'The Hunt' Review: Craig Zobel's take on culture war comes with extreme violence, gory deaths and grim humor
Minus all this, especially for those averse to politics, 'The Hunt' can come across as classic hunter and a story that is worth spending 90 minutes on
'The Hunt' should have released last year. It made headlines when the storyline promised just what the title aptly suggested — a human hunt fest. Craig Zobel's extremely violent thriller or shall we call it psychotic horror was shot in the knee when it came under the crosshairs of experts. Add to this, the mass shootings in Ohio, Dayton, and El Paso gave film critics a chance to outline how content in recent times has found a newfound lust to splatter blood generously on screen.
Universal pulled the plug temporarily by pushing the release date by six months. And soon after the movie's premise, the theme and the views looked at for potential and rather unorthodox marketing peg. 'The Hunt' is a darker, gory and quadruply violent version of Richard Connell's 1924 novel, 'The Most Dangerous Game'. Quite recently, the theme was even adopted by Nick Santora for his Quibi project 'Most Dangerous Game' starring Liam Hemsworth and Christoph Waltz.

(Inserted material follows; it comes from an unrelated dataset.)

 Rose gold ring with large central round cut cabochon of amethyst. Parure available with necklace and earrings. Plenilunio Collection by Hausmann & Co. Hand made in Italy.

This one's a rather stark contrast as it sees a band of "Elites" whose trigger-finger goes haywire as they exercise their Second Amendment rights to the fullest by hunting "deplorables" who they handpick. The 90-minute affair sees a dozen victims brutally headshot, poisoned, blown up, impaled and gassed to hideous deaths. Safe to say not a single one of them would have envisaged their lives to be snuffed out in an instant and in a manner they never dreamt of.

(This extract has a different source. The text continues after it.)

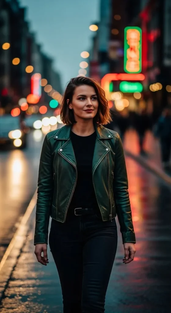 A green leather jacket adds bold style. Faux leather saves money. Pair with black jeans. Keep rest simple. Clean with damp cloth. Adds character fast.

'The Hunt' is slick. It's crisp, it's pacy and definitely packed with meme-worthy lines coupled with some intense violence. "Right to keep and bear arms" gets new meaning as the Elites kidnap these people and use that part of the rights to pull out a victim's eyeball and pull it up all the way. Zobel seems to have consciously intended the extreme savagery and that works in the film's favor. The R-Rated political satire sees sets up bloody Blue blood vs Redneck tussle.
Minus all this, especially for those averse to politics, 'The Hunt' can come across as classic hunter and the hunted story. The hunted get their chance to survive, although quite bleak when they are woken up in a booby-trapped alien location. To level the playing field, they are offered weapons but get sniped to death before learning to operate a firearm. The film boasts of an ensemble cast— Hilary Swank, Justin Hartley, Betty Gilpin and Emma Roberts. It also stars Ethan Suplee ('Remember the Titans'), Macon Blair ('Blue Ruin'), JC MacKenzie ('Dark Angel'), Wayne Duvall ('A Quiet Place: Part II), Reed Birney, Teri Wyble ('The Walking Dead') and Sturgill Simpson ('High Top Mountain').

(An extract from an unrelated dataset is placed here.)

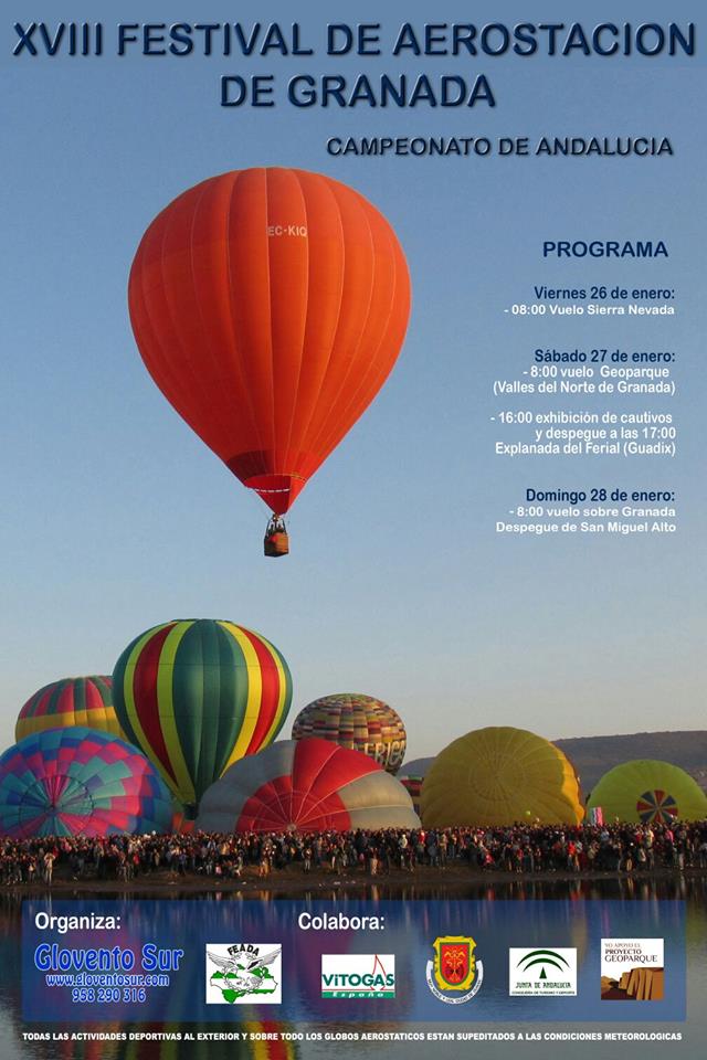 Del 26 al 28 de enero se celebrará el XVIII Festival de Aerostación de Granada y Campeonato de Andalucía, con una jornada en tierras del Geoparque del Cuaternario Valles del Norte de Granada. El Festival de Aerostación de Granada cumple su XVIII edición y cuenta con la previsión de asistencia es de unos 15 equipos de vuelo, que participarán en los diferentes actos programados para esta edición, que son los siguientes:

And while some of these big names have a short-lived screen presence (They die, to be precise), Swank and Gilpin provide the cheer in the form a final showdown. While Swank's Athena is introduced as a cold-hearted hunter, Gilpin's "Snowball" Crystal is a survivor. She's also the saving grace if the film tanks in the eyes of the viewers who are set to watch it on VoD on May 26. The tussle encompasses multiple emotions and the common one between the two is rage. Raw and uncontrollable as they pummel and pound for survival.
In the end, 'The Hunt' can quite simply be summed up as a tale of frustration from both parties that see them try and blow each other's brains out. But in trying to take a dig at politics, Zobel has created an effective and precise weapon. There is no question about the film's quality. It does go a little over-the-top but deftly balances the storyline in the form of some audacious, gritty violence.
'The Hunt' is available on VoD platforms.